(Data supplied)

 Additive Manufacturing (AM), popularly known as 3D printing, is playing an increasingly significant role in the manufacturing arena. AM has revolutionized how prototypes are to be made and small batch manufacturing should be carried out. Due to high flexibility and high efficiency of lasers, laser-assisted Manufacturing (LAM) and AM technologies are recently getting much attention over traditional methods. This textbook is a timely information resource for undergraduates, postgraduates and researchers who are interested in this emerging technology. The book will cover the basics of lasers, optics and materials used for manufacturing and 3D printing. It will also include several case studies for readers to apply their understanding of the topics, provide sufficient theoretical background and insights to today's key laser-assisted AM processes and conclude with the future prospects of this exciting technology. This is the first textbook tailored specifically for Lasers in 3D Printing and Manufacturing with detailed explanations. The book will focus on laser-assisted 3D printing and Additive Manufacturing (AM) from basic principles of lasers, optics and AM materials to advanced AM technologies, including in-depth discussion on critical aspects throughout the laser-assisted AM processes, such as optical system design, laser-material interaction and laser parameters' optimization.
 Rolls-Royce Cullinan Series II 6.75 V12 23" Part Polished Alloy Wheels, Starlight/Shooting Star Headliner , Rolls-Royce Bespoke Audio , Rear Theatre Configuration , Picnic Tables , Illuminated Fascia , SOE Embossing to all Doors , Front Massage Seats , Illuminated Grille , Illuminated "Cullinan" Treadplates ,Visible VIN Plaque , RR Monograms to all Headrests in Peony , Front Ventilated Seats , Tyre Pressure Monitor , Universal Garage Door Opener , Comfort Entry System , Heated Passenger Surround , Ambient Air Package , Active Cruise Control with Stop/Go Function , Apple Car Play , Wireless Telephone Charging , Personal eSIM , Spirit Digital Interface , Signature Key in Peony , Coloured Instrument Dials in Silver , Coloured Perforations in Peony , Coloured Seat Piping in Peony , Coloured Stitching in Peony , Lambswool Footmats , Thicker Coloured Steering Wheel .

(End Data supplied)
(Data supplied)

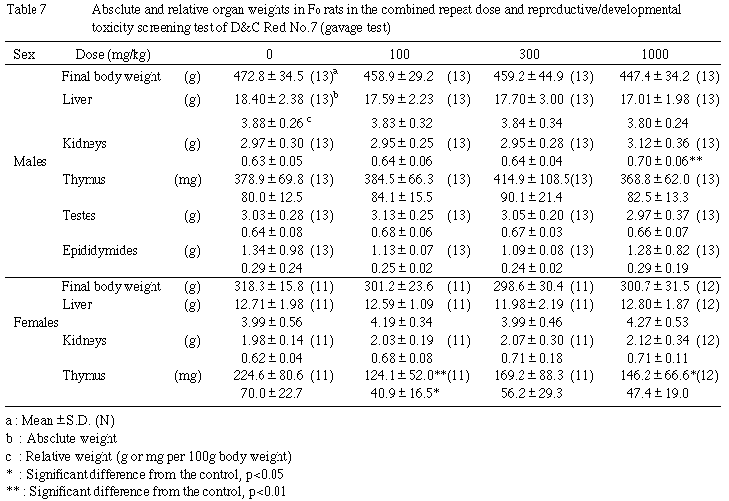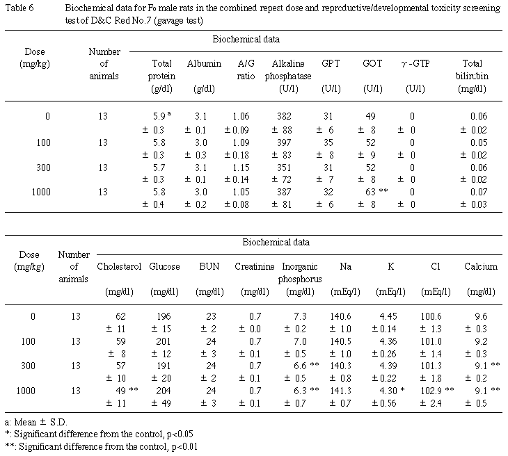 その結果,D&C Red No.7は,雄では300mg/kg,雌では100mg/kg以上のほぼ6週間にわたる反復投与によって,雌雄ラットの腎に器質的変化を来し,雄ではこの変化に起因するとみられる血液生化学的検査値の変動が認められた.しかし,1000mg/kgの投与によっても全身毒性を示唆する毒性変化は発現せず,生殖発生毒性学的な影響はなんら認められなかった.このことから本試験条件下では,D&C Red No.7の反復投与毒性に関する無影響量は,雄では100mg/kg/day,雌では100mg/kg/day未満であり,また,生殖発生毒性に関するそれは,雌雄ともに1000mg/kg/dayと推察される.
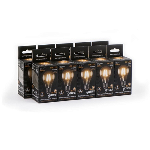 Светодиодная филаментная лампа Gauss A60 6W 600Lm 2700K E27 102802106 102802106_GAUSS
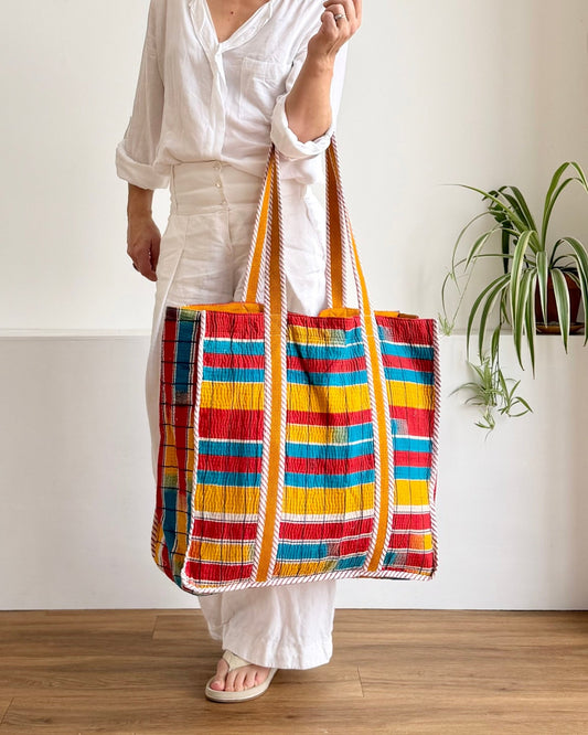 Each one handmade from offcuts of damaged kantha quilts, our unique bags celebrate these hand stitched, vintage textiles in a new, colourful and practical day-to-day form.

(End Data supplied)
(Data supplied)

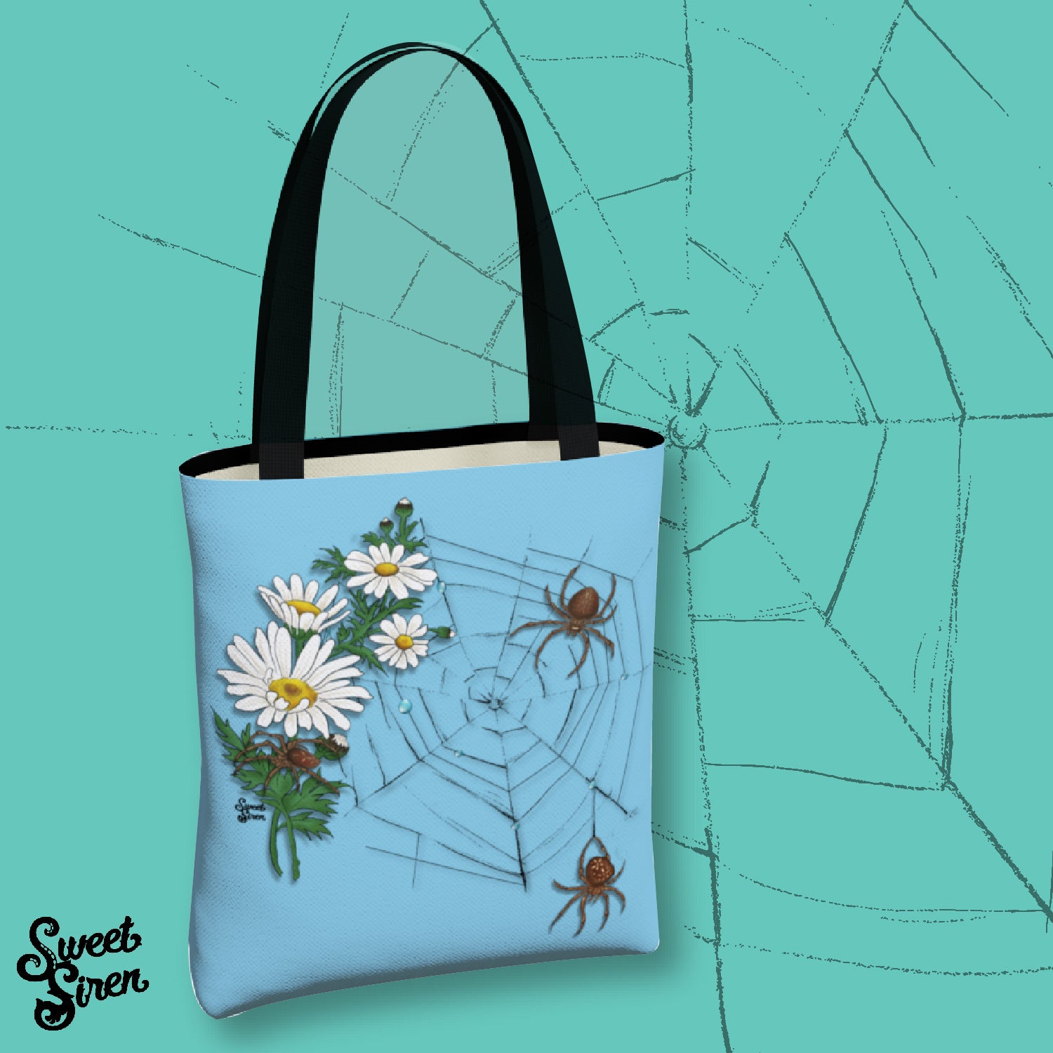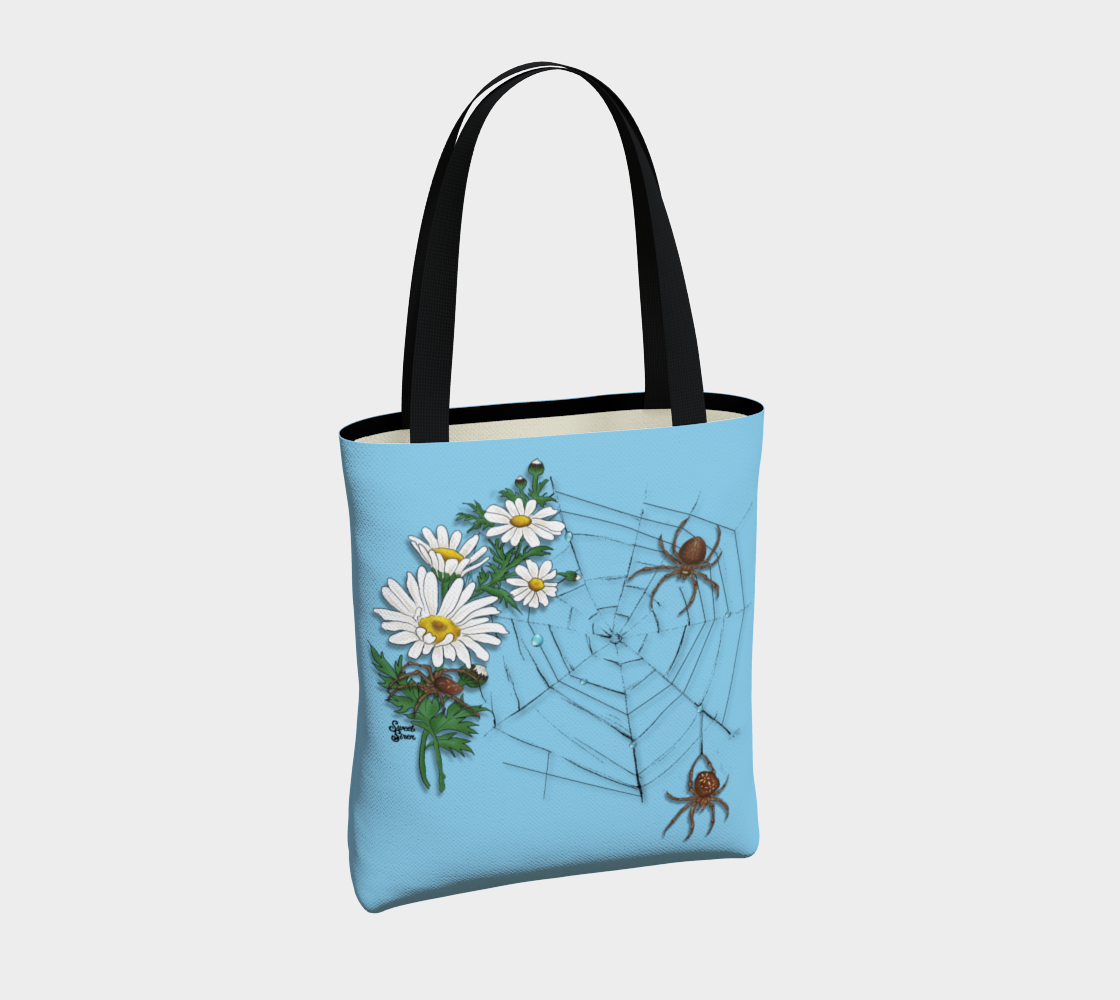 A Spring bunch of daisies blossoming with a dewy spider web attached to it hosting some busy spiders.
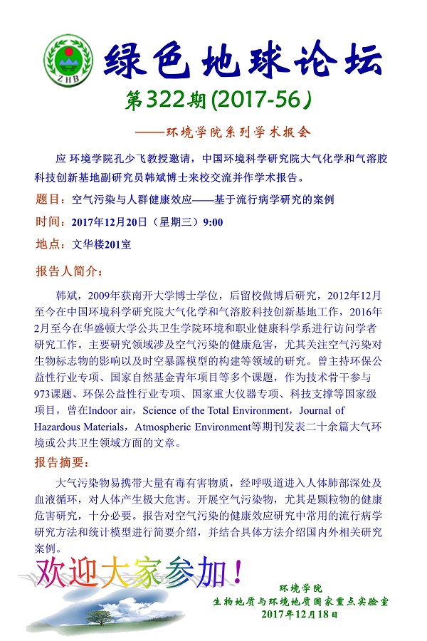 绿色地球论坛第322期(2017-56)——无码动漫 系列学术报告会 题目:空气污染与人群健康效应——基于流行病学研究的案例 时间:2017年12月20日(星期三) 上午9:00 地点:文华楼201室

(End Data supplied)

Your answer is the exact run of lines above from the one with "A Spring bunch" through the one with "绿色地球论坛第322期(2017-56)——无码动漫 系列学术报告会 题目:空气污染与人群健康效应——基于流行病学研究的案例", both ends included, minus any picture.

Answer to the exercise -
 A Spring bunch of daisies blossoming with a dewy spider web attached to it hosting some busy spiders.
 绿色地球论坛第322期(2017-56)——无码动漫 系列学术报告会 题目:空气污染与人群健康效应——基于流行病学研究的案例 时间:2017年12月20日(星期三) 上午9:00 地点:文华楼201室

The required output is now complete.